Jerry Richardson to put Panthers up for sale at end of season

Jerry Richardson, the man who brought the National Football League to the Carolinas, is putting his team up for sale at the end of the 2017 season, the team announced Sunday.

"There has been no greater mission or purpose in my life than to have brought an NFL franchise to Charlotte. The obstacles back then were significant, and some even questioned whether our community could or would support professional football. But I always knew that if given the chance, The Carolinas would rise to the occasion," Richardson wrote in a letter published on the team's official web site.

"And you have. The team has become an integral part of our community. The stadium is in its best condition since the day it opened. And we have played in two Super Bowls.
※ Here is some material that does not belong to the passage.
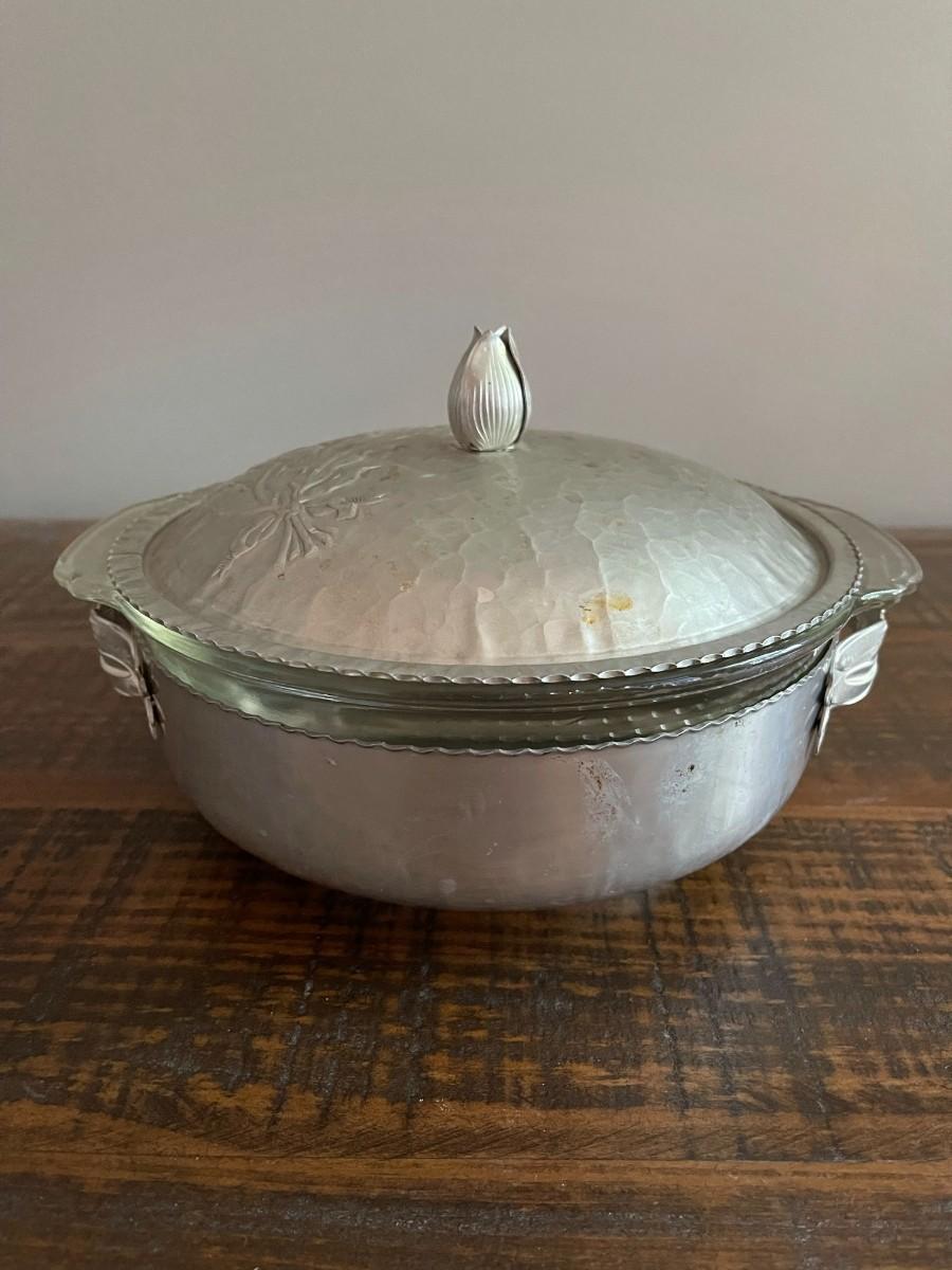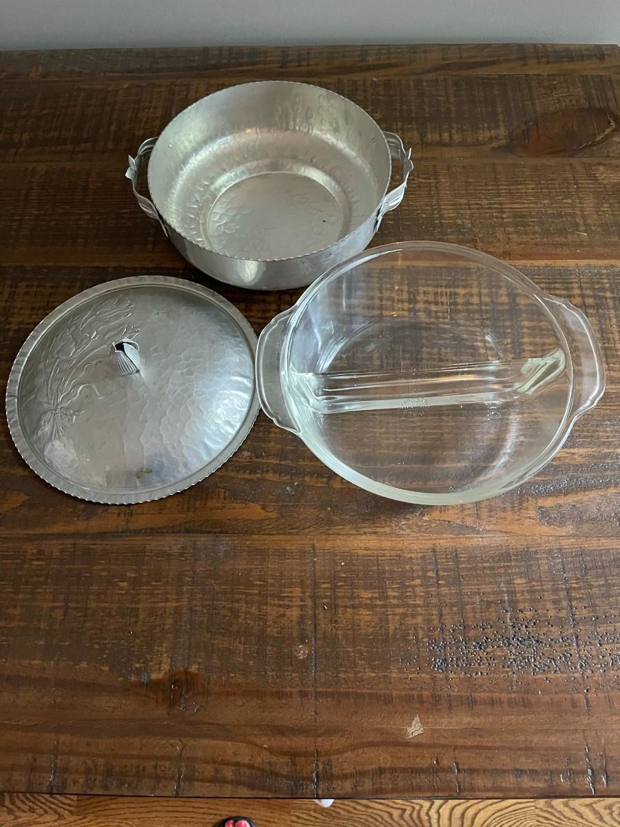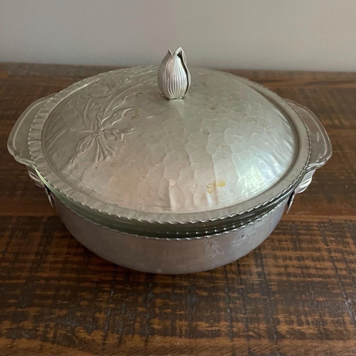 LOT 58 - Hammered Aluminum Covered Serving Dish - Glass insert
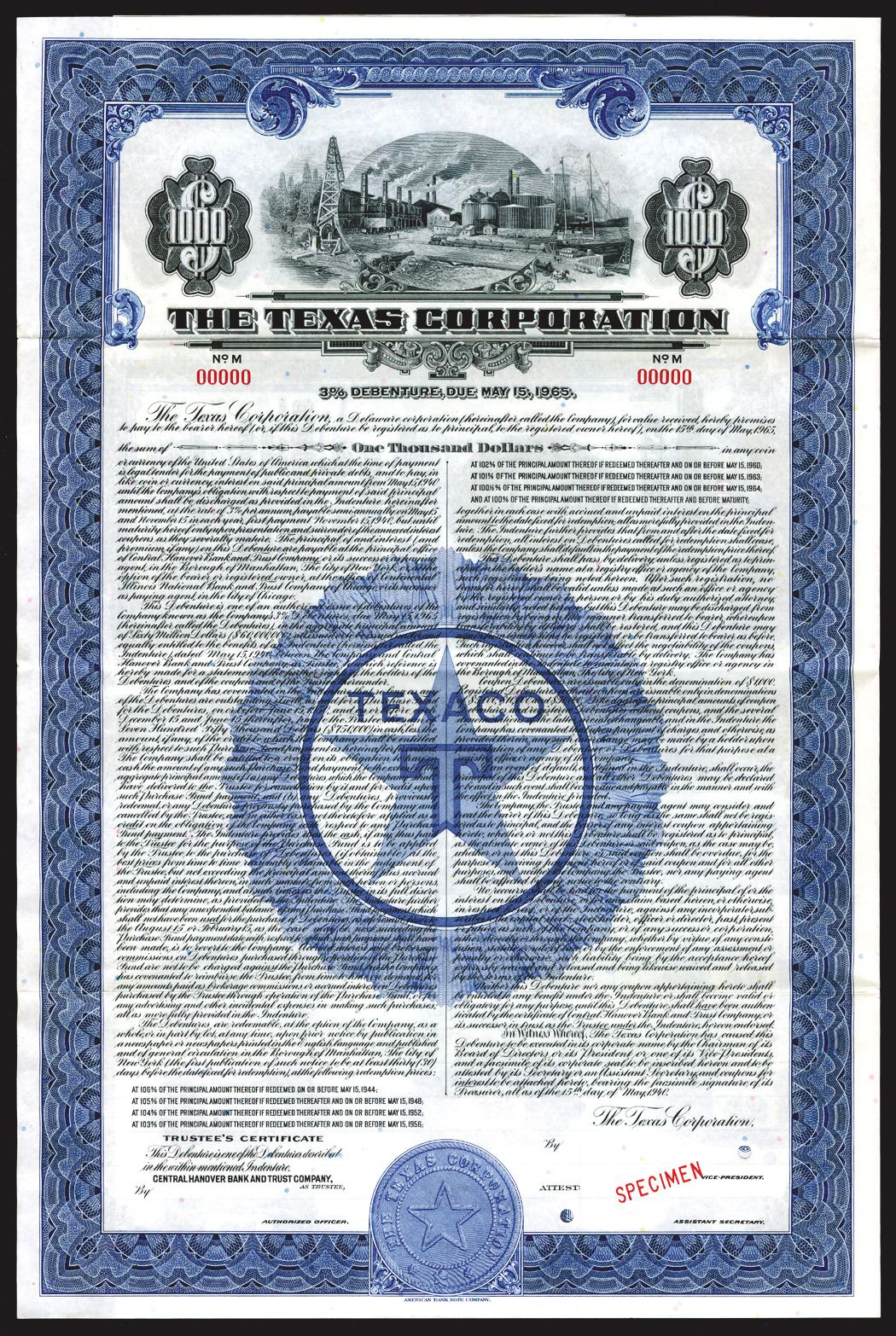 Texas (Inc. in Delaware), 1940. $1000 Specimen 3% Debenture Vertical Coupon Bond, TEXACO Logo as part of underprint, Black text with blue border and undertint, Scene of a large oil refinery at top center. Red specimen overprints, 00000 serial numbers, POCs, VF condition, ABNC. Texaco, Inc. is an American oil subsidiary of Chevron Corporation. Its flagship product is its fuel "Texaco with Techron". It also owns the Havoline motor oil brand. Texaco was an independent company until its refining operations merged into Chevron Corporation in 2001, at which time most of its station franchises were divested to the Shell Oil Company.

"Football is also an integral part of my life -- and I am blessed, every day, that I made the Carolinas my home. I can never repay all of you for the kindness and generosity you have shown me, Rosalind, and my family for more than two decades. We have the best fans in football -- and I truly mean that. In my opinion, we also have the best organization, and they have served us well.

"I believe that it is time to turn the franchise over to new ownership. Therefore, I will put the team up for sale at the conclusion of this NFL season. We will not begin the sale process, nor will we entertain any inquiries, until the very last game is played. I hope everyone in this organization, both on and off the field, will be firmly focused on just one mission: to play and win the Super Bowl.

"While I will no longer be the team owner, I will always be the Panthers Number One fan."

This development comes as the NFL takes over the investigation into allegations of workplace misconduct made against Richardson, NFL Network Insider Ian Rapoport reported Sunday morning.

Panthers coach Ron Rivera told reporters that he was "a little surprised and just kind of taken back a little bit" by the news of Richardson's intention to sell the team.

"My relationship with him, I've been very fortunate," Rivera said. "Mr. Richardson, before the Panthers came to Carolina -- all I knew of Carolina was Fort Bragg and Camp Lejunne growing up in a military family as kid -- so I really didn't know a lot about it and he kind of helped put the Carolinas on the map by bringing the Panthers here."

"For me personally, having him mentor me through the opportunity of growing as a football coach I think has been tremendous. He has truly helped me and given me every opportunity. He was the first owner in about nine interviews to give me that chance so that's all I can speak of. I know the allegations are serious. I know that the league is going to do the investigation and everybody should be heard, should be listened to and respected. At the end of the day, who am I to judge? We need to have all the answers before we can do any of that. I just think that as we go forward as a football team I think it's important that we remember this that we are still here obviously to play football."